▶ _THE TASK_:
Could you please retype all of the records exactly, skipping any pictures?

########

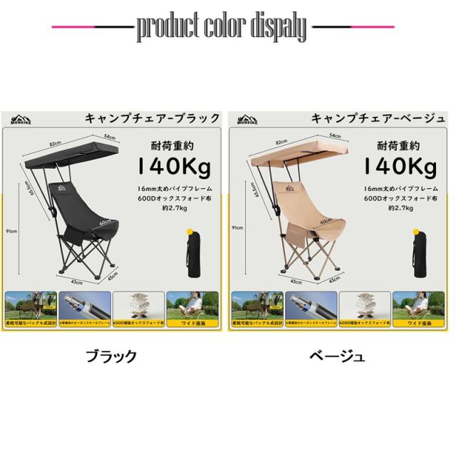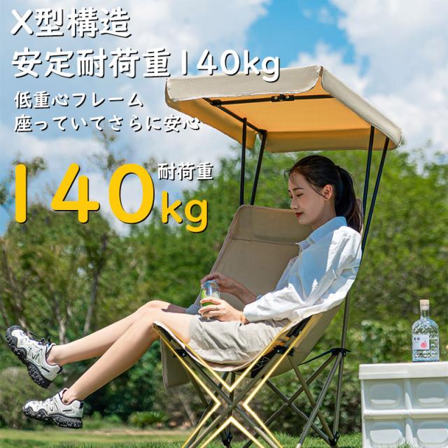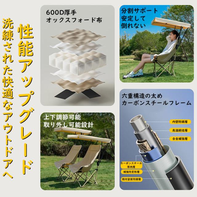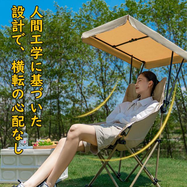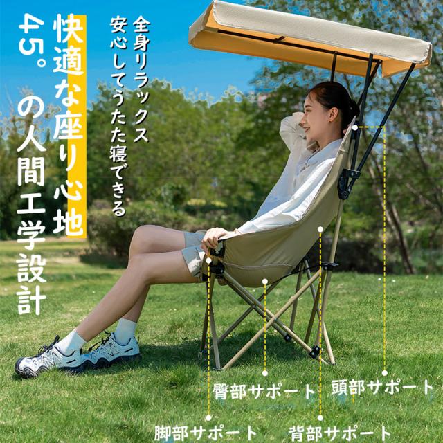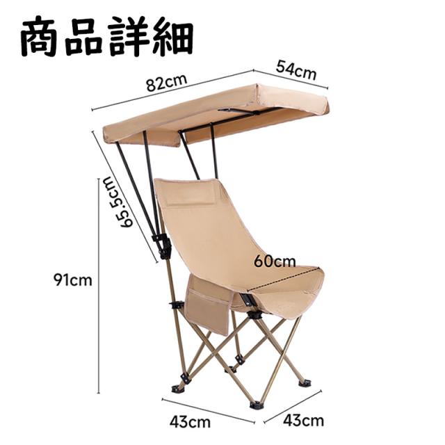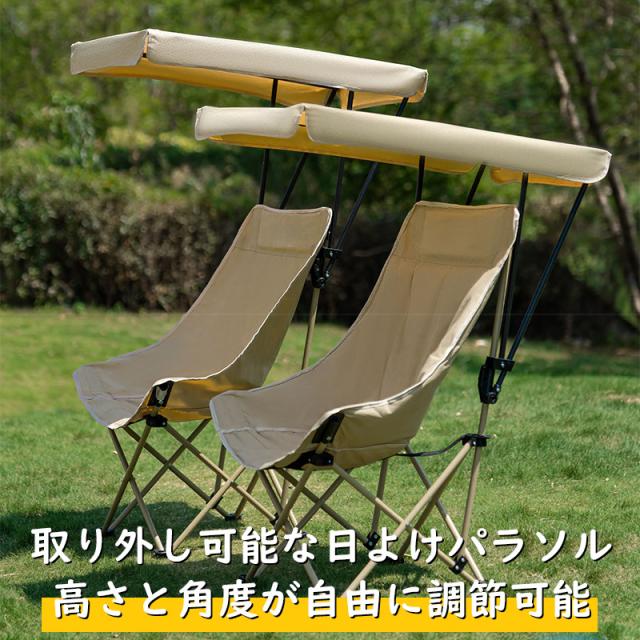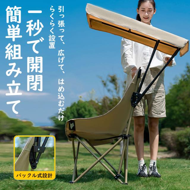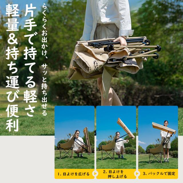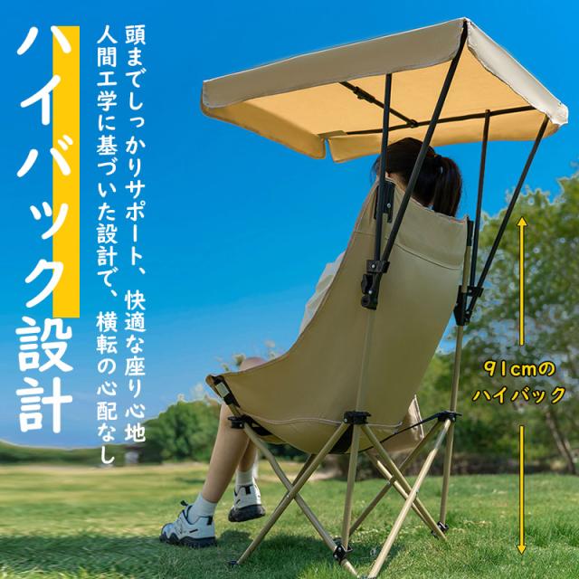 アウトドアチェア 折りたたみ 日よけ付き ハイバック キャンプチェア 椅子 釣り ビーチ 携帯便利 収納袋付き 日焼け対策 屋根付き シェードチェア
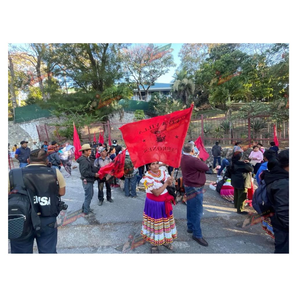 Obras básicas, seguridad y reconocimiento jurídico de comunidades fueron el eje central de la protesta realizada este lunes por integrantes del Frente Popular de la Montaña Francisco Villa, quienes se concentraron desde temprana hora afuera de Casa Guerrero, sin bloquear la vialidad.
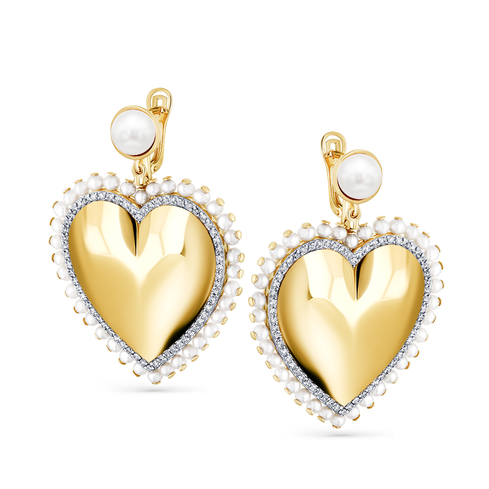 Серьги жёлтое золото 585 пробы со вставками жемчуг культивированный, жемчуг культивированный просв, бриллиант
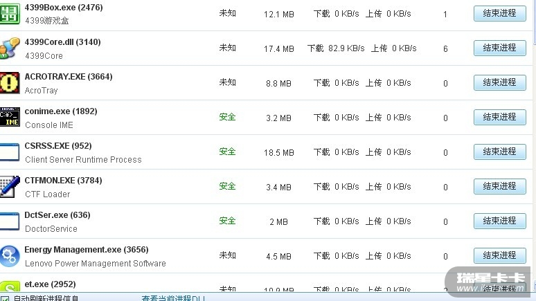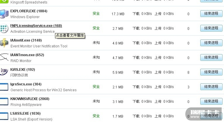 RavMonD.exe为瑞星监控进程,显示为系统所有联网程序的流量总和。
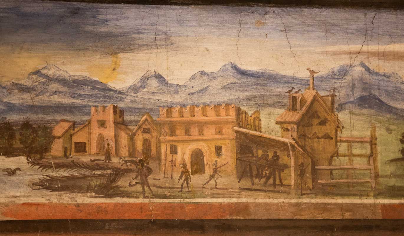 The large Renaissance Palazzo was built by the wealthy Guicciardi family, originally from Ponte in Valtellina. The dwelling, currently divided into two properties, has been partially restructured. The restored interiors are evidence of the refined taste of those who lived there in the 16th century. The hall on the ground floor, with coffered ceiling, was frescoed by Fermo Stella with heraldic coats of arms and exquisite views. The adjacent room, on the other hand, is characterised by a marble fireplace adorned with sculptures and coats of arms of the Besta, Guicciardi and Gatti families. Present in the as yet unrestored wing are two well preserved stüe, typical rooms covered in Arolla pine wood and with a stove fitted. A curiosity: written words are visible on the wall of the façade of the Palazzo with sketches of knights in armour from the 17th century bearing the name Bellamira, which was once given to the road. This location, in fact, was chosen as the residence of the wealthiest families of Teglio due to its privileged position on the Orobie.
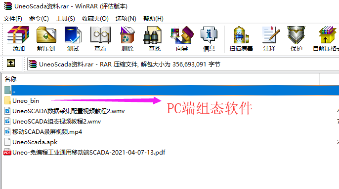 2,Uneo SCADA 完全綠色,不需要安裝,整個 Uneo 文件夾拷走即可運行;
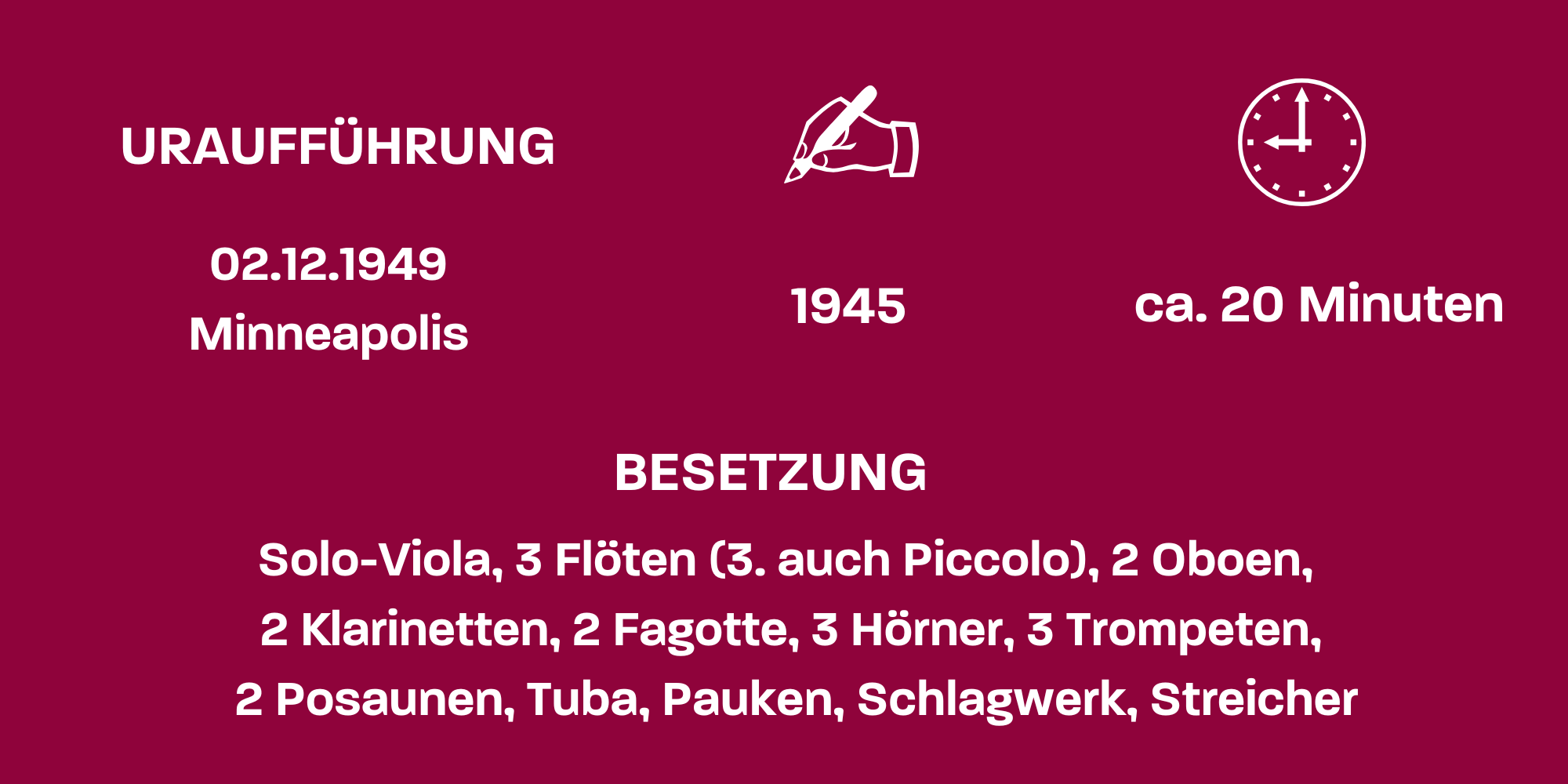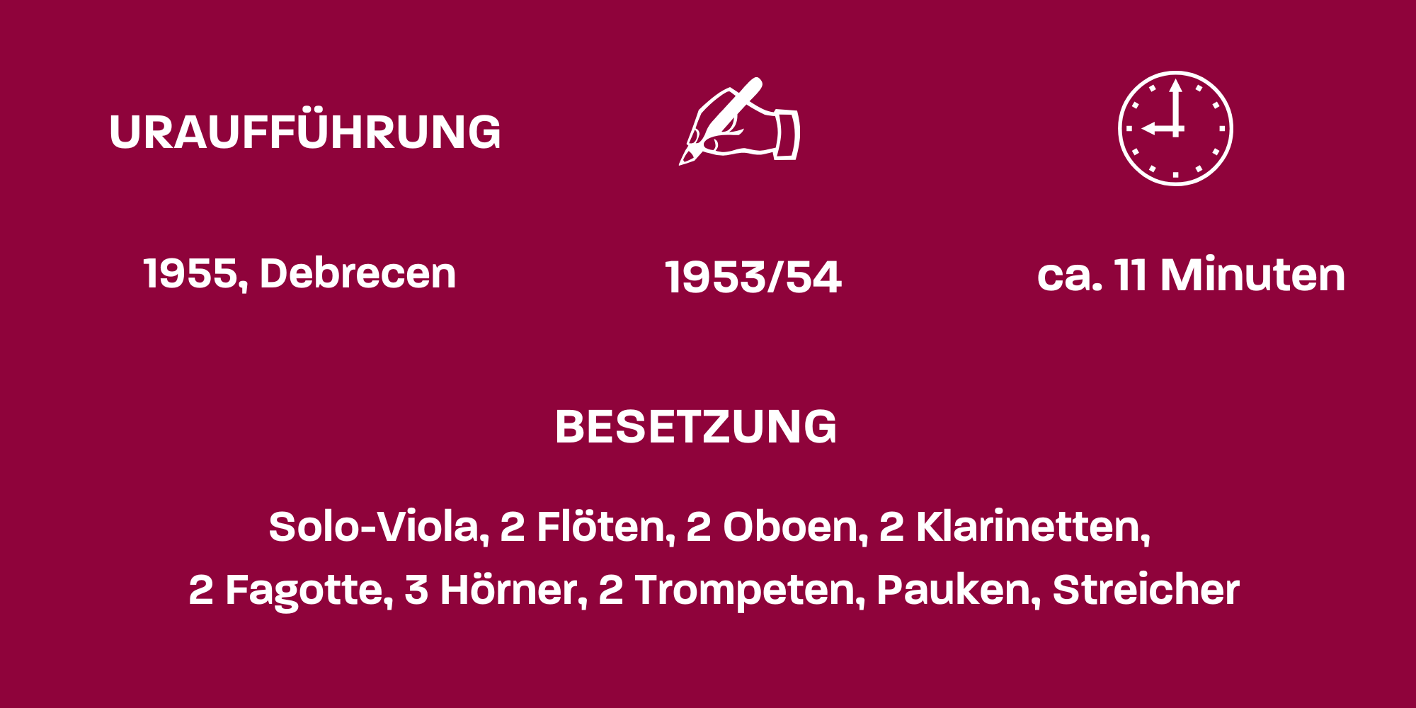 Béla Bartók wiederum starb, ehe er die Skizzen für sein Bratschenkonzert zu einem komplett orchestrierten Werk auskomponieren konnte. Es wurde vom schottischen Bratschisten William Primrose in Auftrag gegeben, der sich von Bartók ein Stück wünschte, das sich nicht an die Grenzen und Konventionen der Bratsche hielt. Der Komponist lebte in dieser Zeit, Ende 1944, bereits in seinem fünften Jahr im amerikanischen Exil und war schwer an Leukämie erkrankt – ein Umstand, der ihn allerdings zu künstlerischer Höchstform beflügelte. Doch sein Körper wird schwächer und schwächer. Der Anfang ist spät gesetzt.

########

▶ _OUTPUT FOR THIS TASK_:
 アウトドアチェア 折りたたみ 日よけ付き ハイバック キャンプチェア 椅子 釣り ビーチ 携帯便利 収納袋付き 日焼け対策 屋根付き シェードチェア
 Obras básicas, seguridad y reconocimiento jurídico de comunidades fueron el eje central de la protesta realizada este lunes por integrantes del Frente Popular de la Montaña Francisco Villa, quienes se concentraron desde temprana hora afuera de Casa Guerrero, sin bloquear la vialidad.
 Серьги жёлтое золото 585 пробы со вставками жемчуг культивированный, жемчуг культивированный просв, бриллиант
 RavMonD.exe为瑞星监控进程,显示为系统所有联网程序的流量总和。
 The large Renaissance Palazzo was built by the wealthy Guicciardi family, originally from Ponte in Valtellina. The dwelling, currently divided into two properties, has been partially restructured. The restored interiors are evidence of the refined taste of those who lived there in the 16th century. The hall on the ground floor, with coffered ceiling, was frescoed by Fermo Stella with heraldic coats of arms and exquisite views. The adjacent room, on the other hand, is characterised by a marble fireplace adorned with sculptures and coats of arms of the Besta, Guicciardi and Gatti families. Present in the as yet unrestored wing are two well preserved stüe, typical rooms covered in Arolla pine wood and with a stove fitted. A curiosity: written words are visible on the wall of the façade of the Palazzo with sketches of knights in armour from the 17th century bearing the name Bellamira, which was once given to the road. This location, in fact, was chosen as the residence of the wealthiest families of Teglio due to its privileged position on the Orobie.
 2,Uneo SCADA 完全綠色,不需要安裝,整個 Uneo 文件夾拷走即可運行;
 Béla Bartók wiederum starb, ehe er die Skizzen für sein Bratschenkonzert zu einem komplett orchestrierten Werk auskomponieren konnte. Es wurde vom schottischen Bratschisten William Primrose in Auftrag gegeben, der sich von Bartók ein Stück wünschte, das sich nicht an die Grenzen und Konventionen der Bratsche hielt. Der Komponist lebte in dieser Zeit, Ende 1944, bereits in seinem fünften Jahr im amerikanischen Exil und war schwer an Leukämie erkrankt – ein Umstand, der ihn allerdings zu künstlerischer Höchstform beflügelte. Doch sein Körper wird schwächer und schwächer. Der Anfang ist spät gesetzt.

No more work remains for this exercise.